[Supplied material]:
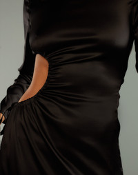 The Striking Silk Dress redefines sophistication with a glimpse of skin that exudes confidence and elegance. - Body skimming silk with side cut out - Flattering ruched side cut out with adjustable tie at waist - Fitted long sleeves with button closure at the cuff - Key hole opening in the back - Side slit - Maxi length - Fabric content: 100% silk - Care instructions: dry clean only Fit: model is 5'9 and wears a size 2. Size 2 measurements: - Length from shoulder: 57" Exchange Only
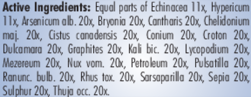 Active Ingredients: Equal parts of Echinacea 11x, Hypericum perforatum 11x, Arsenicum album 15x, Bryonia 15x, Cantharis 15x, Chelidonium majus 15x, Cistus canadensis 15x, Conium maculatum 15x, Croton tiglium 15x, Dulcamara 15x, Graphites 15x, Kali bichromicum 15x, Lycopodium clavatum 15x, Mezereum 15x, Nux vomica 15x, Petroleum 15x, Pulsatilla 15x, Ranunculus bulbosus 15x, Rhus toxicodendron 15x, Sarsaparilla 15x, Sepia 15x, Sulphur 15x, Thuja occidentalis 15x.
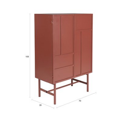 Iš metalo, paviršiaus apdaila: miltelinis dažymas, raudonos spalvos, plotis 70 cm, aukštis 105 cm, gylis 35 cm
...
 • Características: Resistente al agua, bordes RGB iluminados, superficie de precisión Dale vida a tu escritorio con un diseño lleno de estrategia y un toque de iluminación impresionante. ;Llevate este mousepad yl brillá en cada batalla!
* * *
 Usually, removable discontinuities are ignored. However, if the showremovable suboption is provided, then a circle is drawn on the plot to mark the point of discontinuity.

[What you will do]: Pictures aside, return exactly the lines from the data above, starting at the line that has "The Striking Silk" and ending at the line that has "Iš metalo, paviršiaus", both included.

[Exercise output]:
 The Striking Silk Dress redefines sophistication with a glimpse of skin that exudes confidence and elegance. - Body skimming silk with side cut out - Flattering ruched side cut out with adjustable tie at waist - Fitted long sleeves with button closure at the cuff - Key hole opening in the back - Side slit - Maxi length - Fabric content: 100% silk - Care instructions: dry clean only Fit: model is 5'9 and wears a size 2. Size 2 measurements: - Length from shoulder: 57" Exchange Only
 Active Ingredients: Equal parts of Echinacea 11x, Hypericum perforatum 11x, Arsenicum album 15x, Bryonia 15x, Cantharis 15x, Chelidonium majus 15x, Cistus canadensis 15x, Conium maculatum 15x, Croton tiglium 15x, Dulcamara 15x, Graphites 15x, Kali bichromicum 15x, Lycopodium clavatum 15x, Mezereum 15x, Nux vomica 15x, Petroleum 15x, Pulsatilla 15x, Ranunculus bulbosus 15x, Rhus toxicodendron 15x, Sarsaparilla 15x, Sepia 15x, Sulphur 15x, Thuja occidentalis 15x.
 Iš metalo, paviršiaus apdaila: miltelinis dažymas, raudonos spalvos, plotis 70 cm, aukštis 105 cm, gylis 35 cm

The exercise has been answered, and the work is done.